INSTRUCTIONS TO FOLLOW - Output the data word for word, dropping every image.

INFORMATION SUPPLIED -
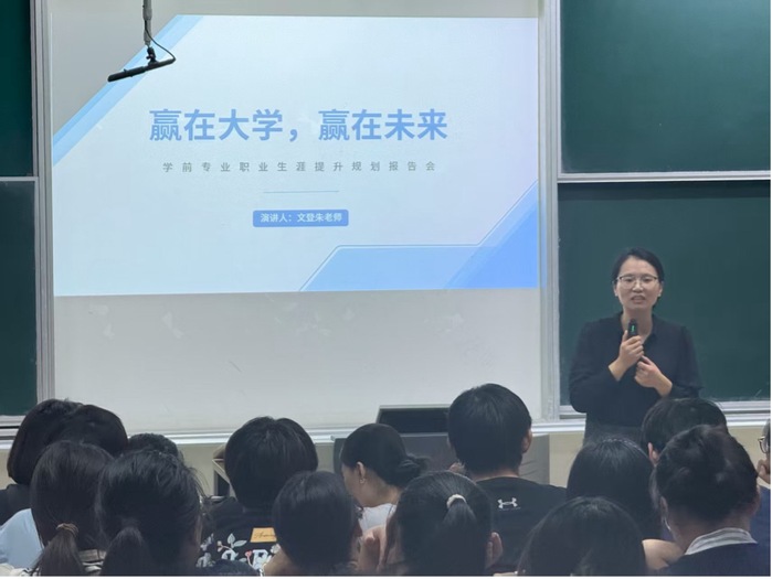 9月22日晚,教育科学学院在主楼B309教室举办职业规划与考研指导专题讲座。考研名师朱老师应邀主讲,2025级学前转本新生参加活动。
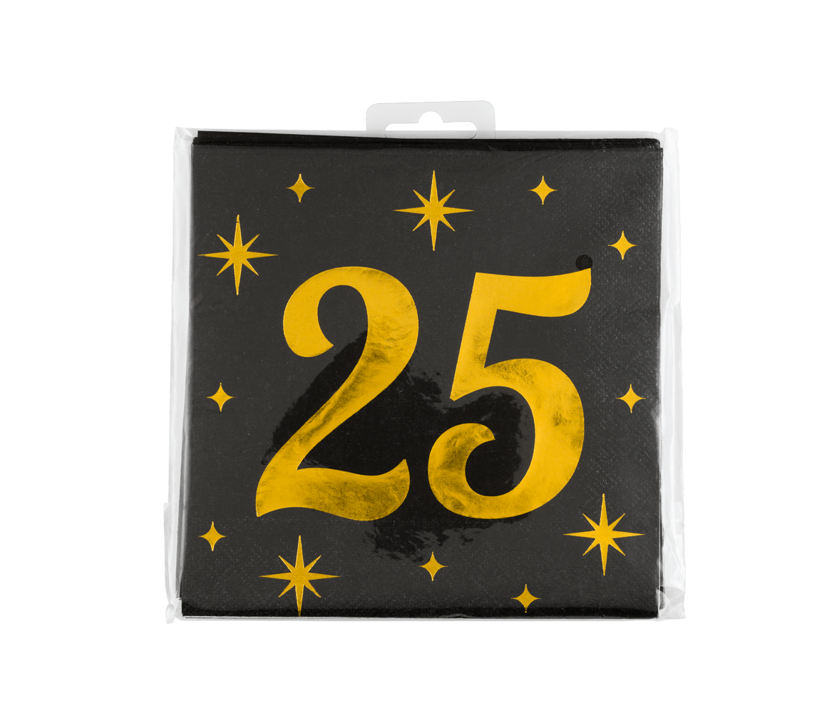 25 vuotta lautasliinat musta kulta 19cm 16kpl
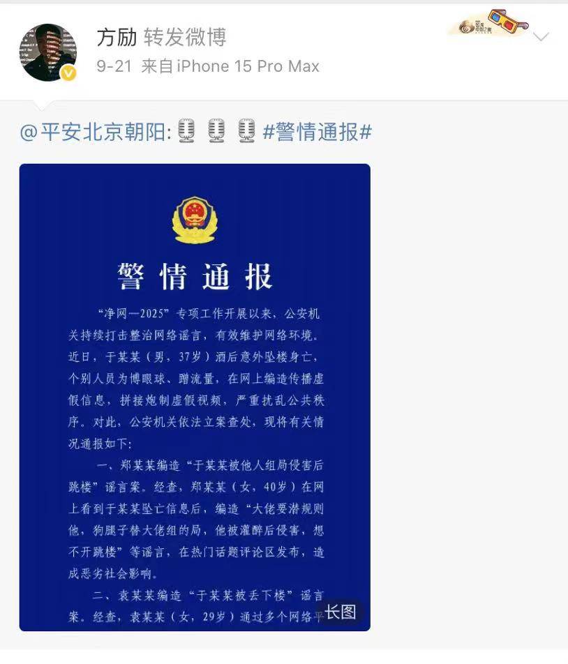 方励还转发了警方关于于朦胧事件有人造谣的通报,再次证明自己与于朦胧坠楼事件无关。

FINISHED TASK -
 9月22日晚,教育科学学院在主楼B309教室举办职业规划与考研指导专题讲座。考研名师朱老师应邀主讲,2025级学前转本新生参加活动。
 25 vuotta lautasliinat musta kulta 19cm 16kpl
 方励还转发了警方关于于朦胧事件有人造谣的通报,再次证明自己与于朦胧坠楼事件无关。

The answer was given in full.